Mary fait « oui » de la tête avant de reprendre le collier qu’elle confectionnait. Un silence.
Mary
Pourquoi, m’appelez-vous Mary la blanche ?
Halona
As-tu vu la pâleur de ton visage dans le reflet de l’eau ? Approche-le du mien au dessus de ce vase ? (Elle attire Mary à elle et colle son visage contre le sien.) Mary la blanche. Qui de nous deux est la plus pâle ?
Les filles rient ensemble tout en s’amusant de leurs reflets dans l’eau.
Alan
(Son regard se perd du côté des filles qui s’amusent. Il sourit.)
Elles s’entendent bien à présent. Regardez-les rire et jouer. De vraies amies…
Jolan
Des soeurs. Quand les filles vivent ainsi ensemble, elles ne sont pas de simples amies mais tout comme des soeurs de même sang.
Lenno
Et toi ? As-tu la même impression ? Sommes-nous devenus comme des frères pour toi ? Ou doit-on croire que les enfants de visages pâles sont tous aussi menteurs et faux que leurs pères ?
Sahale
(En se dressant face à Lenno.)
Qu’est-ce qu’il te prend de lui parler ainsi ? On ne l’a pas obligé de rester sous le ttipi avec nous. Crois-tu que de faux-frères vivraient sous la même tente ?
Lenno
Ils sont nos prisonniers depuis que nous les avons sauvés.
Yuma
(En posant sa main sur la poitrine de Lenno en signe d’avertissement.)

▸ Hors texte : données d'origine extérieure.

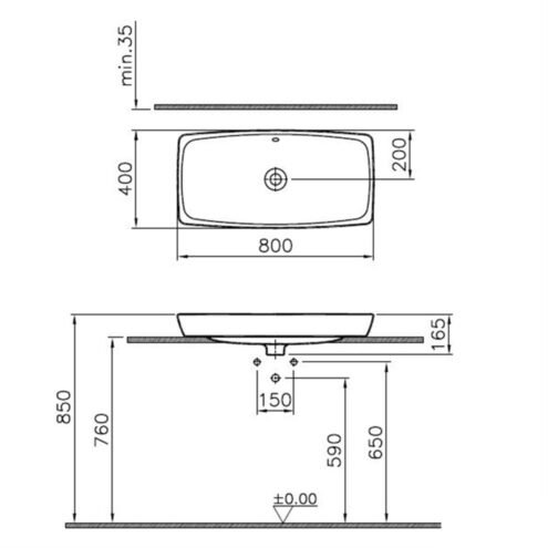 VitrA Metropole 80 cm Beyaz Tezgah Üstü Lavabo
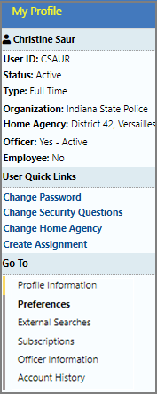 My Profile is a page that contains an organized set of links to various settings and functions specific to each user, such as user profile information, preferences, subscriptions, officer information, change password and security questions links, and more.

Ils ne sont plus prisonniers depuis longtemps. Tu n’as rien compris. Celui qui partage avec nous la langue que nous parlons et la même viande rôti sous le même ttipi est un frère des hommes de la vallée. (Il pousse un peu Lenno qui ne réagit pas puis se tourne vers Alan.) Toi et ta soeur pouvaient repartir quand vous le voulez. Vous êtes libres comme nous. La belle saison sera là bientôt et nous aussi nous sortirons pour que la nature nous donne enfin un nom. (Il s’éloigne et s’assoit à l’écart, le regard dans le vide de ses pensées.)
Jolan
(En se rapprochant d’Alan discrètement.)
Ne t’inquiète pas. Il n’est pas en colère mais notre frère ainé n’aime pas les personnes qui parlent sans réfléchir.
Wapi
Il n’était encore qu’un tout petit enfant qu’il montrait déjà un caractère très fort.
Waban
Tout jeune, il était tellement têtu qu’on le surnommait déjà « nata tunka », tête de pierre. Mais ce ne sera sûrement pas son vrai nom.
Alan
Et quel sera son vrai nom ? C’est vrai que vous tous n’avez pas encore de nom ? Nous, nous sommes baptisés dès la naissance.
Wapi
Vos pères sont des fous ou des mauvais esprits. Seule la nature a le don de nommer les choses car elle seule donne la vie.
Waban
Si notre mère nature n’était pas là, nul ne serait vivant et la terre serait sèche, froide et morte.
Soudain des branches craquent à l’extérieur. Pendant qu’on tente de cacher Alan et Mary, Jolan s’est précipité à l’entrée du ttipi. Mais il est trop tard, un adulte sioux est entré sous la tente. Les enfants ne bougent plus. Un silence lourd pèse sur l’atmosphère ambiante. Halona se place devant Mary pour la protéger.